Look for the line containing "Tiếp tục kích" and the line containing "暂停时间优先,意味着尽可能让单次STW的时间最短:0.1+0.1 + 0.1+" in the entries below. Copy those two and all lines between them exactly, leaving out pictures.

-------- Source data --------

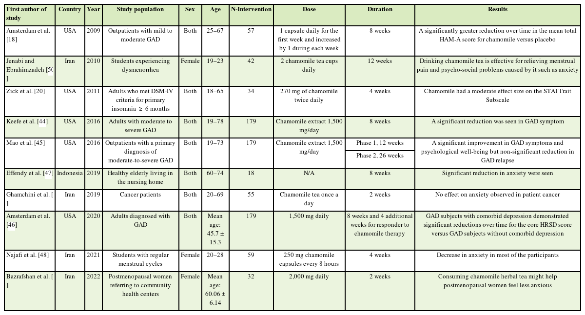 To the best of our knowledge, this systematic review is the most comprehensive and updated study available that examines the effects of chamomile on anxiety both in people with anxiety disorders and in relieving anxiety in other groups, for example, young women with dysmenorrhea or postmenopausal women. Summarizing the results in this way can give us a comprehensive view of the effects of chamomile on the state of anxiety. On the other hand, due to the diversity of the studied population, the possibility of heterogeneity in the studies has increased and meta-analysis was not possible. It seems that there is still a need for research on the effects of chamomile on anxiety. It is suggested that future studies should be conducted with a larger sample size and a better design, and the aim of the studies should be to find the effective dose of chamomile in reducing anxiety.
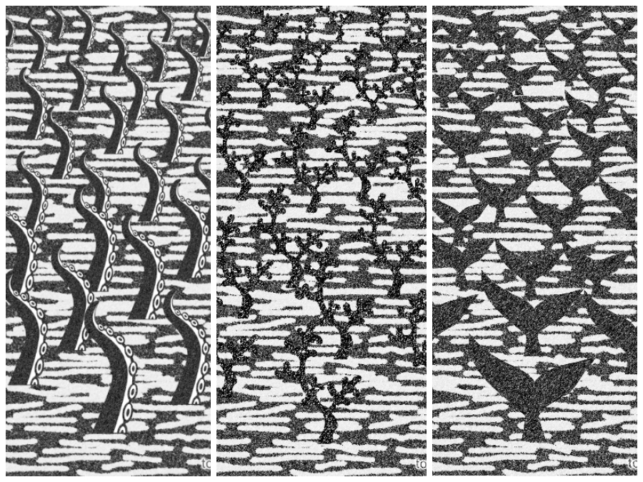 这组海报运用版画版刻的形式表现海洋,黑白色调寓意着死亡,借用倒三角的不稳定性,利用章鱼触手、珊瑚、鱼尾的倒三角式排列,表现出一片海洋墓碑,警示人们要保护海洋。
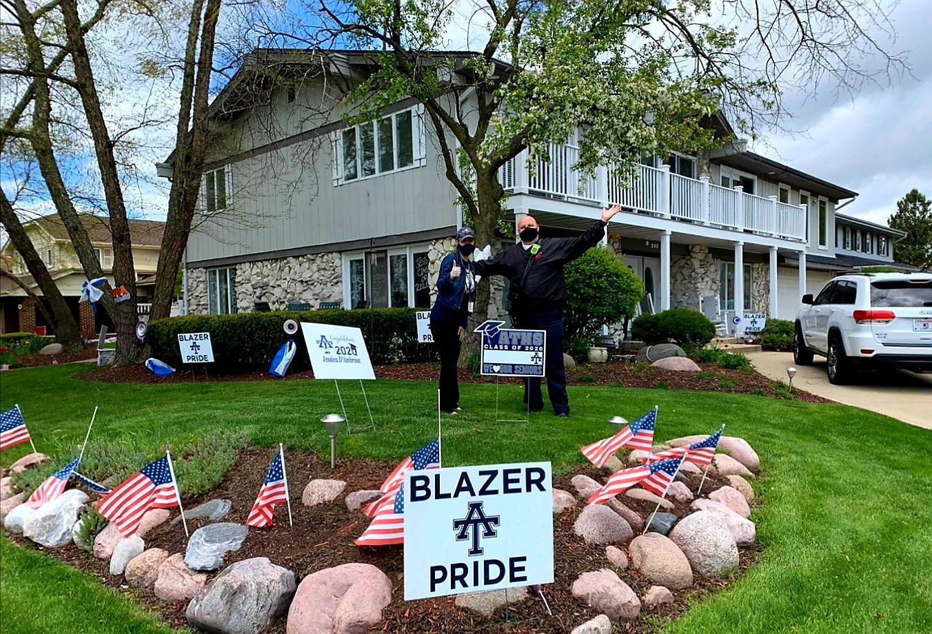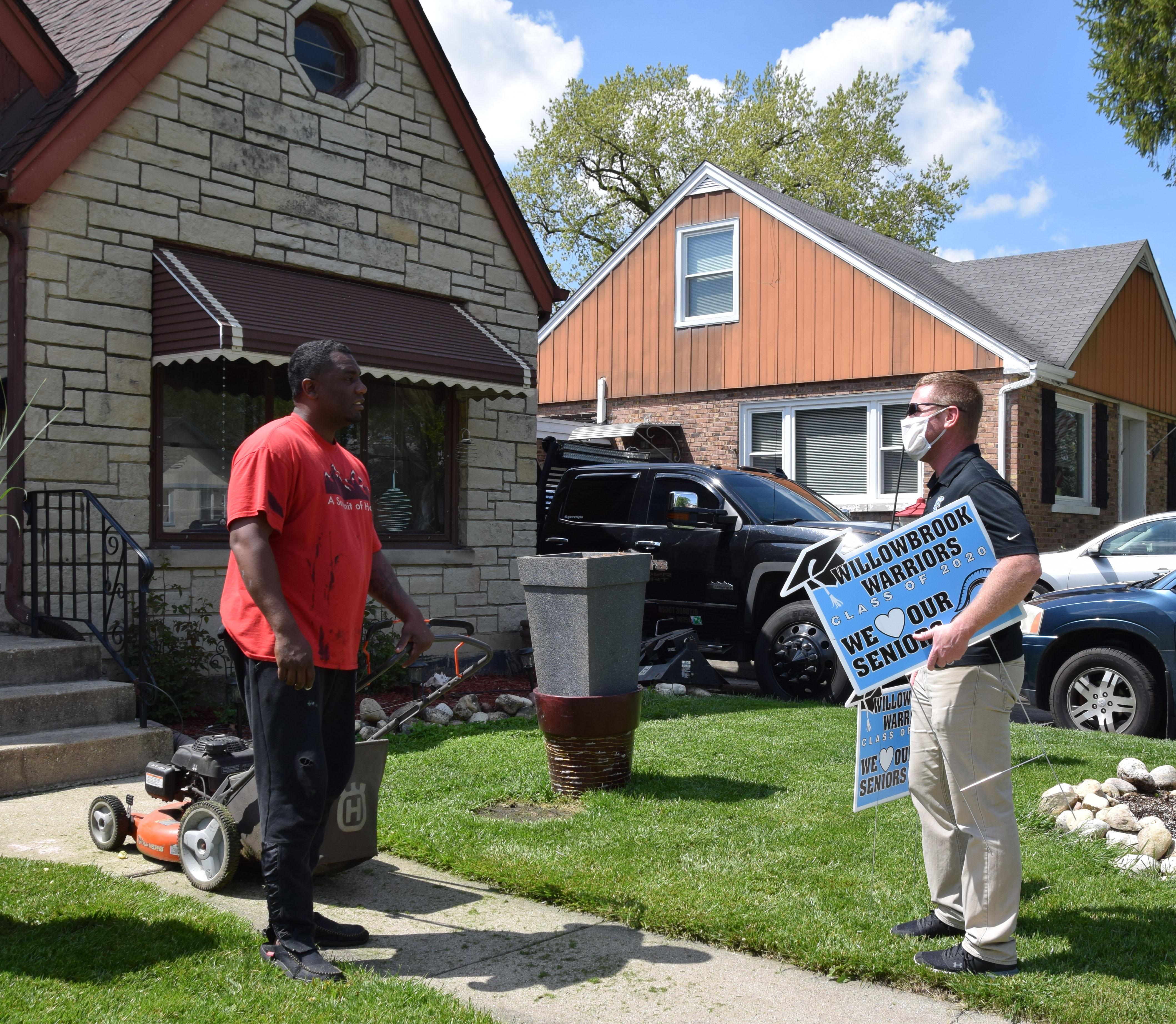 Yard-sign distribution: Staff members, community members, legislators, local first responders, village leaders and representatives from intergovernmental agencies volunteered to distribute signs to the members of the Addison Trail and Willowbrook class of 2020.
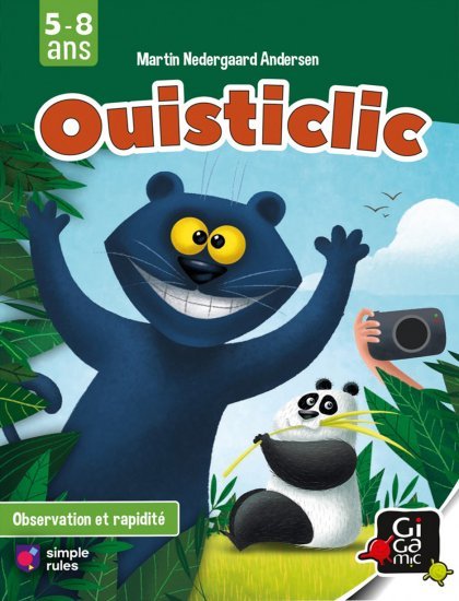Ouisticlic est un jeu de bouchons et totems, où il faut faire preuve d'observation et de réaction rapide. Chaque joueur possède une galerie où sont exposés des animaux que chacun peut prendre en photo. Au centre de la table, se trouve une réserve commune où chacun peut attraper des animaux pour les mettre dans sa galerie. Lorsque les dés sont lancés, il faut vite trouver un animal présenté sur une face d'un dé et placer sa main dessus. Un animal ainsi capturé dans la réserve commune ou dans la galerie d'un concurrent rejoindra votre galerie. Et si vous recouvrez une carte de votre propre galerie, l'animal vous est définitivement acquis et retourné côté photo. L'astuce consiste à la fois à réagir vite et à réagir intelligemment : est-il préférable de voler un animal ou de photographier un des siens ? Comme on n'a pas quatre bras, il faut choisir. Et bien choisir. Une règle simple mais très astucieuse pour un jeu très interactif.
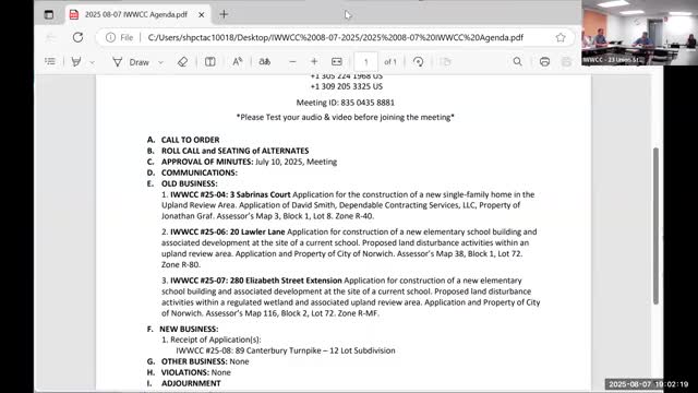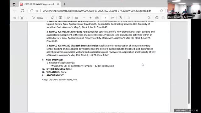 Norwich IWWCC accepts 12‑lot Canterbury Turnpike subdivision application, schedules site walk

--------
-------- Source data --------

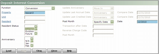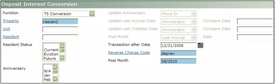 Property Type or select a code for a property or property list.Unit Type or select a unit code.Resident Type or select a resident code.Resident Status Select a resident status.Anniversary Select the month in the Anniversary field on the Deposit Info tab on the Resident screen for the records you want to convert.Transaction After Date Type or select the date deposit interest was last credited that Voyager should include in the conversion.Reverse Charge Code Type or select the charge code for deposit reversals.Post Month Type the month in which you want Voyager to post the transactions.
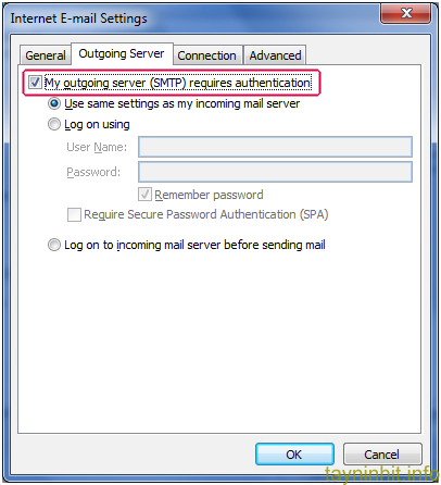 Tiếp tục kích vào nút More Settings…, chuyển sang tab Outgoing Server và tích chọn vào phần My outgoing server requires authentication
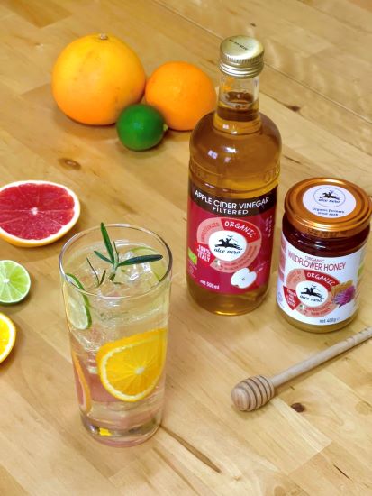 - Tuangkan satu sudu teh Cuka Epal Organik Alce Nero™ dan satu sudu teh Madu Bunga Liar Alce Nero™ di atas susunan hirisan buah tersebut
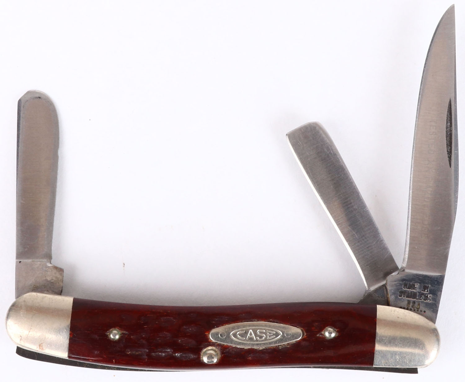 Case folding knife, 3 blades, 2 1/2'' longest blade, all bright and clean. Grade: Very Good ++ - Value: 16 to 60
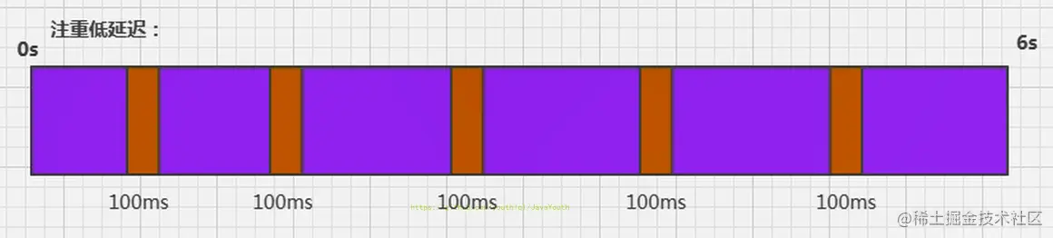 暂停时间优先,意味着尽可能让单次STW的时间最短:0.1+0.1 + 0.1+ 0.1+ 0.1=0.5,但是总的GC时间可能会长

--------

> _Solved exercise_:
 Tiếp tục kích vào nút More Settings…, chuyển sang tab Outgoing Server và tích chọn vào phần My outgoing server requires authentication
 - Tuangkan satu sudu teh Cuka Epal Organik Alce Nero™ dan satu sudu teh Madu Bunga Liar Alce Nero™ di atas susunan hirisan buah tersebut
 Case folding knife, 3 blades, 2 1/2'' longest blade, all bright and clean. Grade: Very Good ++ - Value: 16 to 60
 暂停时间优先,意味着尽可能让单次STW的时间最短:0.1+0.1 + 0.1+ 0.1+ 0.1=0.5,但是总的GC时间可能会长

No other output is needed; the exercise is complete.